O que penso sobre a vida eterna
Crônica de Divina de Jesus Scarpim – São Paulo/SP
Uma vez, já faz alguns anos, comecei a me perguntar de
quanto tempo eu precisaria para aprender todas as línguas, ler todos os livros,
conhecer todos os lugares, conversar com todas as pessoas, aprender e praticar
todas as profissões, todas as artes, todos os esportes. Achei que o tempo
seria muito longo, mas bem longe do infinito.
Além disso,
percebi que meus desejos estavam muito restritos. Afinal, aprender todas as
línguas que são faladas hoje seria aprender bem poucas línguas, comparando isso
à quantidade de línguas que já foram faladas.
Ler todos os
livros também tem restrições. Muitos já se perderam na história e muitos dos
que existem hoje eu não quero ler porque não prestam.
Conhecer todos
os lugares não significa conhecer todos os lugares porque cada lugar já foi
vários lugares e provavelmente será muitos outros ainda.
Para as pessoas
valem as mesmas restrições que apontei para os lugares e mais ou menos as
mesmas restrições dos livros: Cada pessoa é muitas pessoas ao longo do tempo,
tantas e tantas já morreram e tantas há que eu preferia não conhecer.
Aprender todas
as profissões parece legal, mas existem algumas que eu não gostaria de saber,
como a profissão de pastor evangélico, por exemplo.
Quanto às artes
e ao esporte não consegui pensar em nenhuma restrição, principalmente porque
alguns absurdos que uns ou outros chamam de arte ou de esporte não entrariam na
minha definição; como a "arte" de explorar pessoas e o "esporte"
da caça, por exemplo.
Daí que, diante
disso, concluí que para fazer tudo isso de maneira satisfatória eu precisaria
viajar no tempo para frente e para trás ao meu bel prazer. É certo que, dessa
maneira, eu "esticaria" bastante o tempo necessário para fazer tudo o
que eu queria, mas ainda assim esse tempo seria muito menor do que a
eternidade.
Nesse ponto
fiquei com dois problemas: O primeiro é a impossibilidade da viagem no tempo; o
segundo é o sem graça de estar sozinha.
Então pensei em
possíveis soluções para esses problemas: primeiro eu poderia viajar por planetas,
galáxias e universos e encontrar outras línguas, livros, lugares, pessoas,
profissões, artes e esportes que eu pudesse e quisesse conhecer e praticar.

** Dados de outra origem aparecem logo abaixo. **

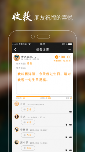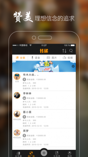 传递app支持语音、视频、还有帅哥美女出现在图片里的照片,传递者们将用这些形式来回报您的任务索取你的赏金。
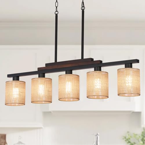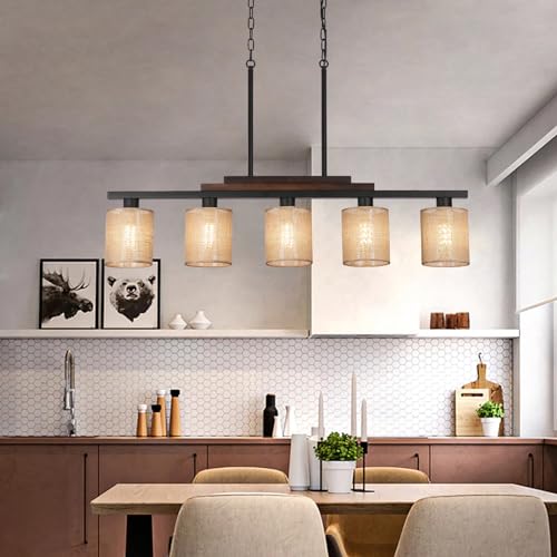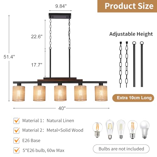 ?Size?: The kitchen table light fixtures ceiling hanging farmhouse measures W40 inches * H51.4 inches (total height), E26 * 5 lights (maximum 60-watt bulb each). Compatible with dimmable LED, energy-saving, halogen bulbs. (? Bulbs not included).

Talvez cada um deles em número infinito.
Segundo eu
poderia também, nesses passeios, encontrar pessoas que têm os mesmos poderes
(ou desejos) que eu, e então não estaria sozinha.
Sobraram apenas
duas dificuldades insuperáveis: Primeiro: esse corpo que tenho não poderia
fazer isso e essa mente que tenho não existe sem ele.
Segundo: não há
como saber se existem outros lugares habitados e habitáveis em outras galáxias
ou outros universos; ou pessoas com os poderes que, até agora, só existem na
minha imaginação.
Diante dessas impossibilidades - embora
tenha certeza de que nessas condições eu aceitaria a vida eterna feliz da vida
- acho melhor ficar quietinha e morrer tranquila quando chegar minha hora.
Isso
porque, por mais terrível que me pudesse parecer - e nem parece tão terrível
assim -, a ideia de voltar a ser o nada que era antes do meu nascimento é para
mim milhões (ou uma eternidade) de vezes melhor do que qualquer uma das opções
de vida eterna que qualquer uma das religiões possa me oferecer.